◆ Your assignment
Restate, word for word and with no pictures, the stretch of lines in the data below that begins at the line with "Maison de plain-pied" and ends at the line with "コネクタ形状:USB Type-Cオス(スマホType-C端子へ) HDMIオス(テレビHDMI入力端子へ)", inclusive.

------ Dataset content

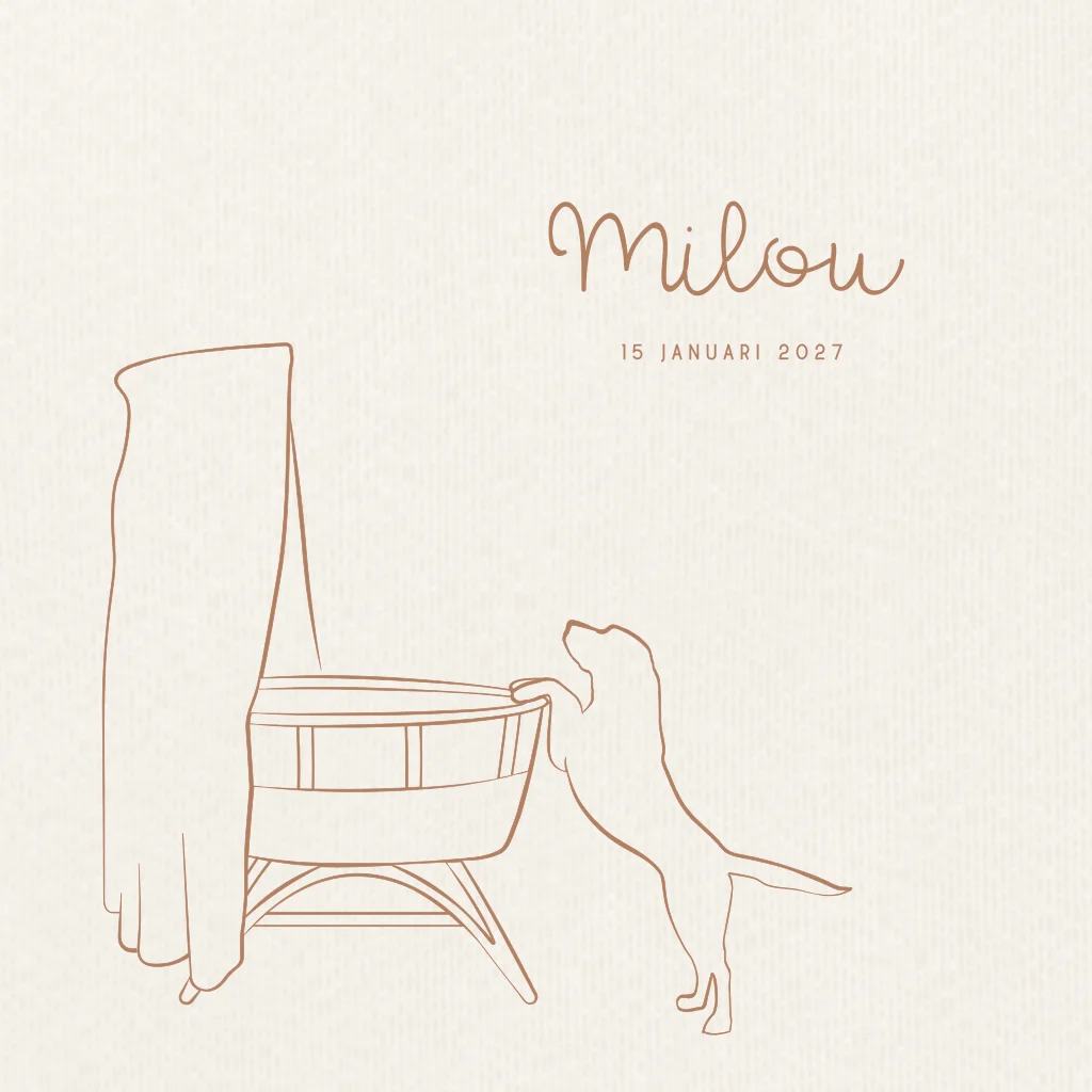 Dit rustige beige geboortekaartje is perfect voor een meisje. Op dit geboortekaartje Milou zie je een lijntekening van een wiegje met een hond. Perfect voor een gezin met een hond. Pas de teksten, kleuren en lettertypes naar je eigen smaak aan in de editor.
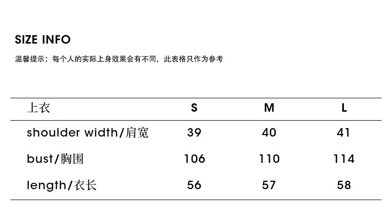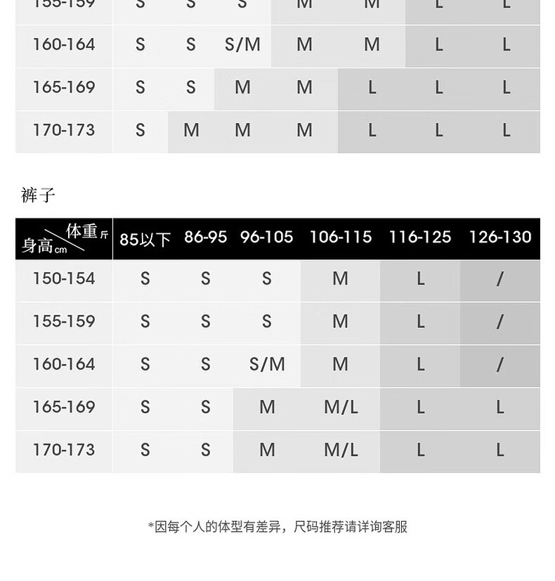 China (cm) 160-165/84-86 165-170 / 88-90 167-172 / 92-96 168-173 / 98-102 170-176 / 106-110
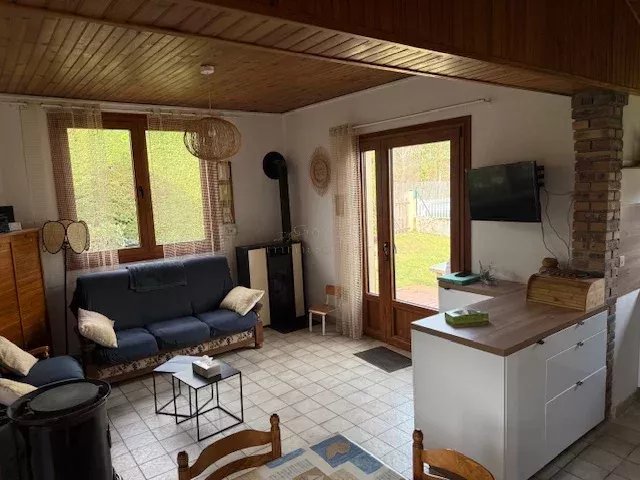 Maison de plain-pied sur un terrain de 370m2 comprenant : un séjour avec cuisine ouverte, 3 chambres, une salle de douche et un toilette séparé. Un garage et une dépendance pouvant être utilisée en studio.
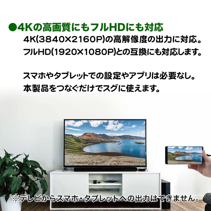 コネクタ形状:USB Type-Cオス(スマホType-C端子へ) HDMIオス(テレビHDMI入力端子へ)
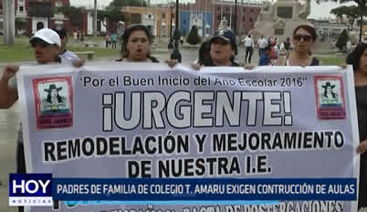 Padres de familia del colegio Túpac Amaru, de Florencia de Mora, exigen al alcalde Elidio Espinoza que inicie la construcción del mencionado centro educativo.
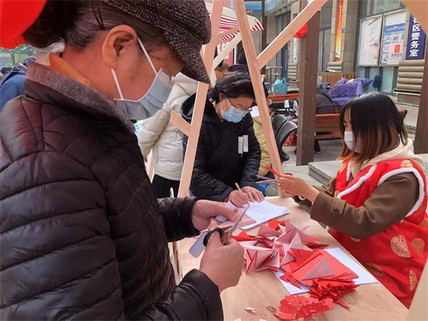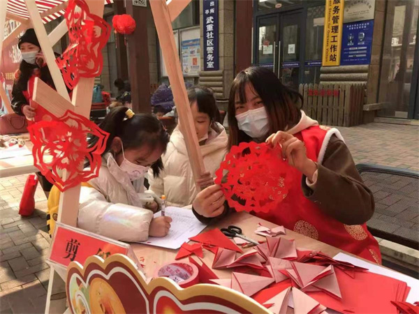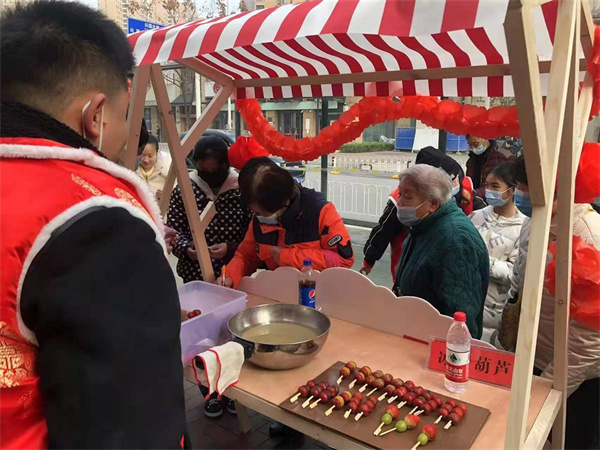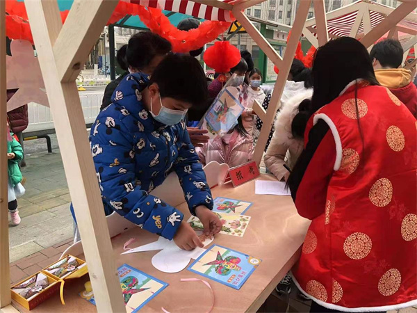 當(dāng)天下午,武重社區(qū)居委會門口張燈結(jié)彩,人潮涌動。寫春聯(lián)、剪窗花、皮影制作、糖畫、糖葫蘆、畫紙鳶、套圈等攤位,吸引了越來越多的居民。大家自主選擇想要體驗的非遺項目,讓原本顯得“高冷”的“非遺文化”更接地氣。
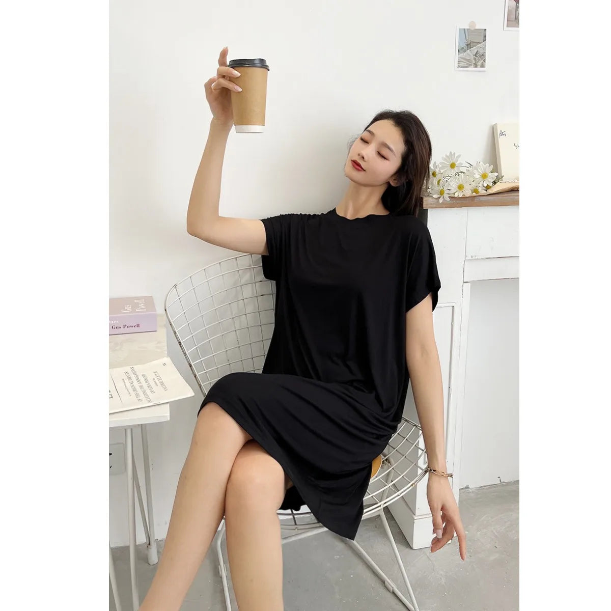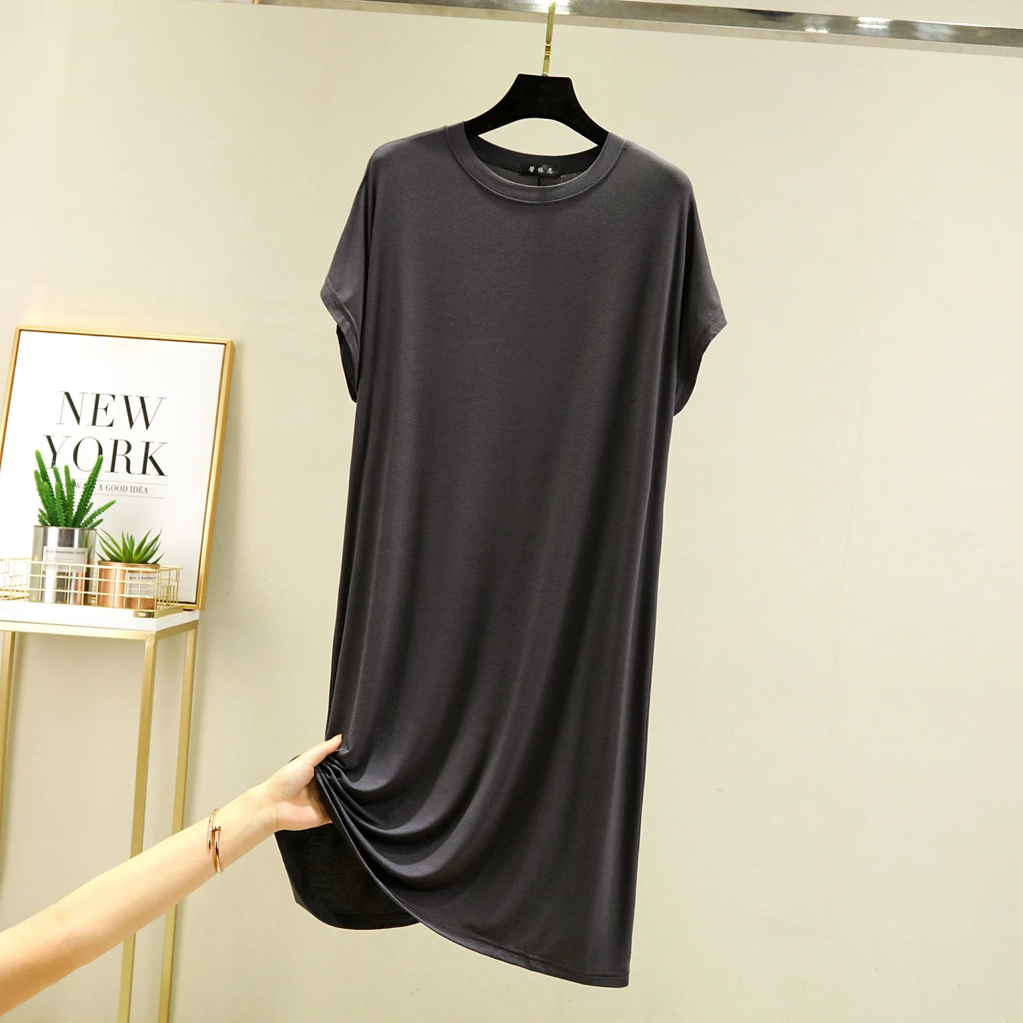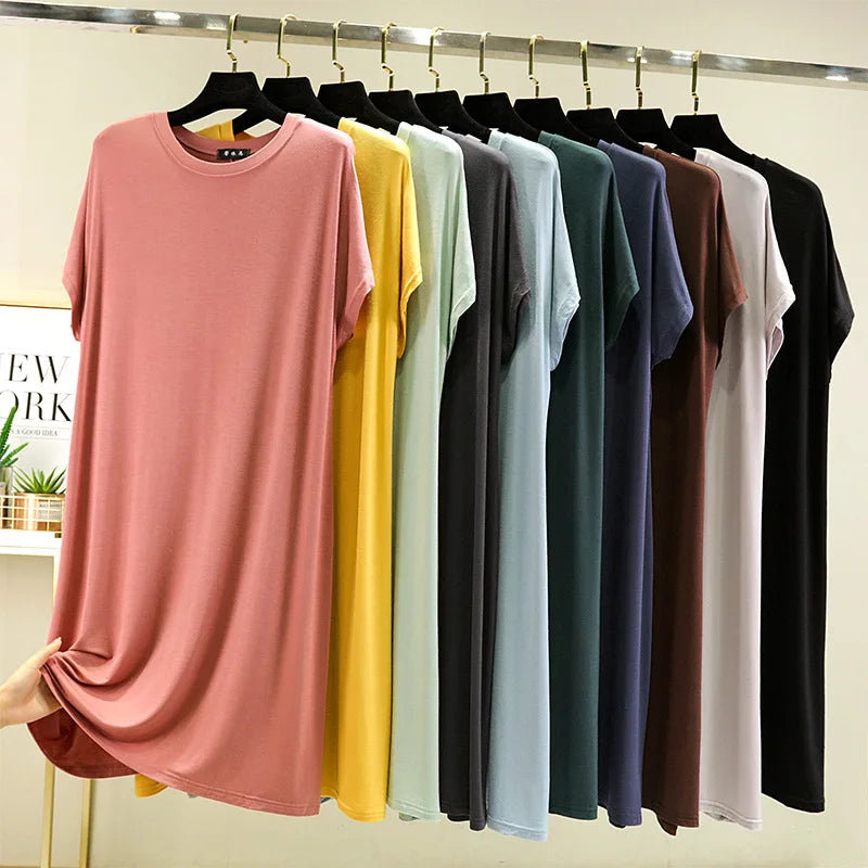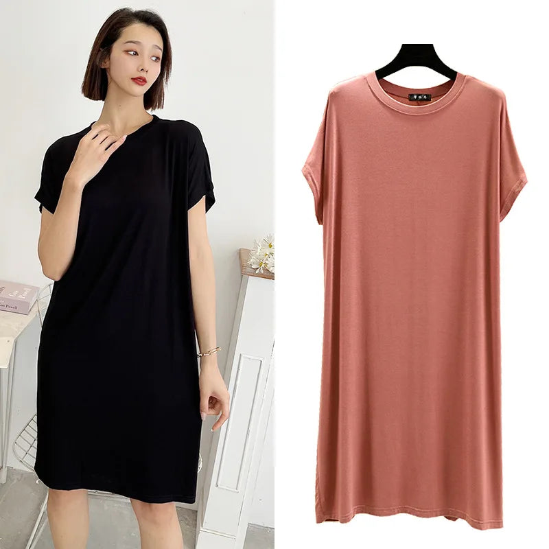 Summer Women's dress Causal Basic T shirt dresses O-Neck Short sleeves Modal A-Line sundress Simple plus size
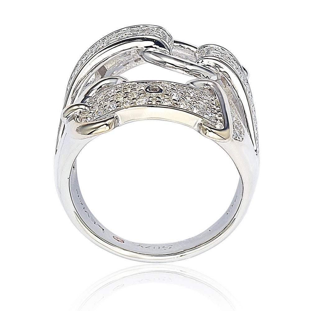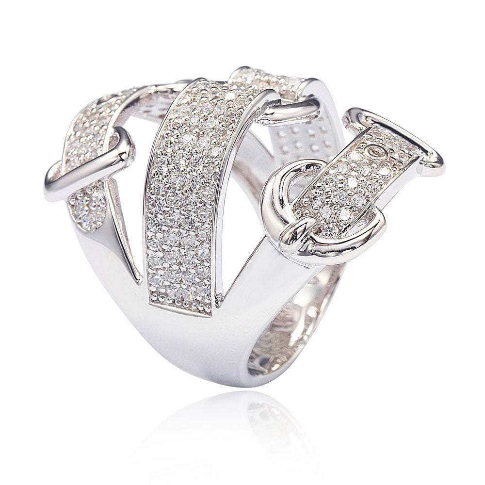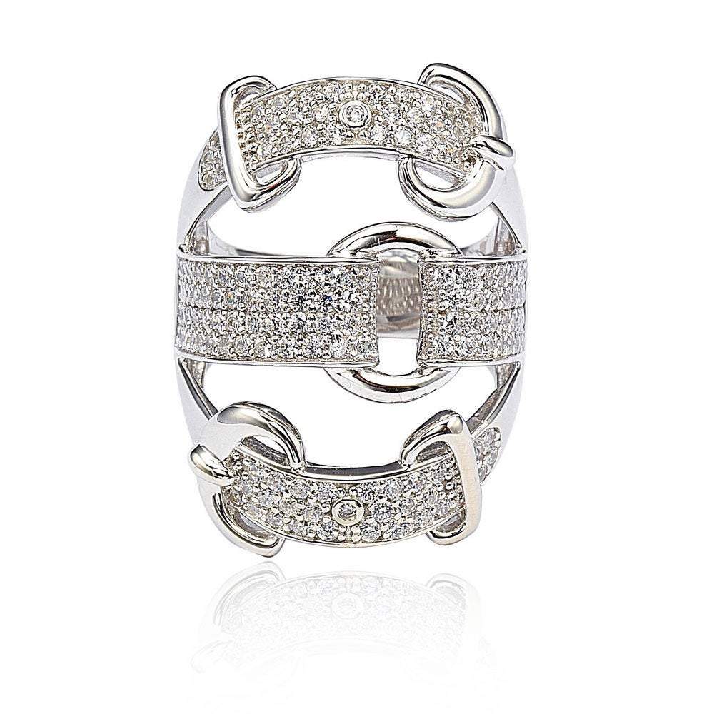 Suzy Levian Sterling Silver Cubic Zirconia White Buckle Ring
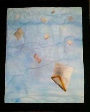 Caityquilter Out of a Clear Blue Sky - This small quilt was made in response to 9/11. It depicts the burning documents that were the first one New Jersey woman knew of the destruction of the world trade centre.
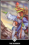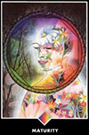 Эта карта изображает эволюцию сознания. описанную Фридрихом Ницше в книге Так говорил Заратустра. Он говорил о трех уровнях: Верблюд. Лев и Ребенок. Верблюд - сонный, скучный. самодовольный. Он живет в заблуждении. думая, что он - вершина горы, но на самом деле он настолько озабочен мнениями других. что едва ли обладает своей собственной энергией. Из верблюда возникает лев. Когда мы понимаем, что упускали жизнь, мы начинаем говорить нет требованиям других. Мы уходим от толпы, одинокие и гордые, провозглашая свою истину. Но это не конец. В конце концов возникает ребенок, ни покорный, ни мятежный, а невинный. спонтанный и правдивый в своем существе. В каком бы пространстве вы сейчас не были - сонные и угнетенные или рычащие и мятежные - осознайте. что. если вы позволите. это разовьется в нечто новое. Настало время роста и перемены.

------------

◆ Output of the exercise
 Maison de plain-pied sur un terrain de 370m2 comprenant : un séjour avec cuisine ouverte, 3 chambres, une salle de douche et un toilette séparé. Un garage et une dépendance pouvant être utilisée en studio.
 コネクタ形状:USB Type-Cオス(スマホType-C端子へ) HDMIオス(テレビHDMI入力端子へ)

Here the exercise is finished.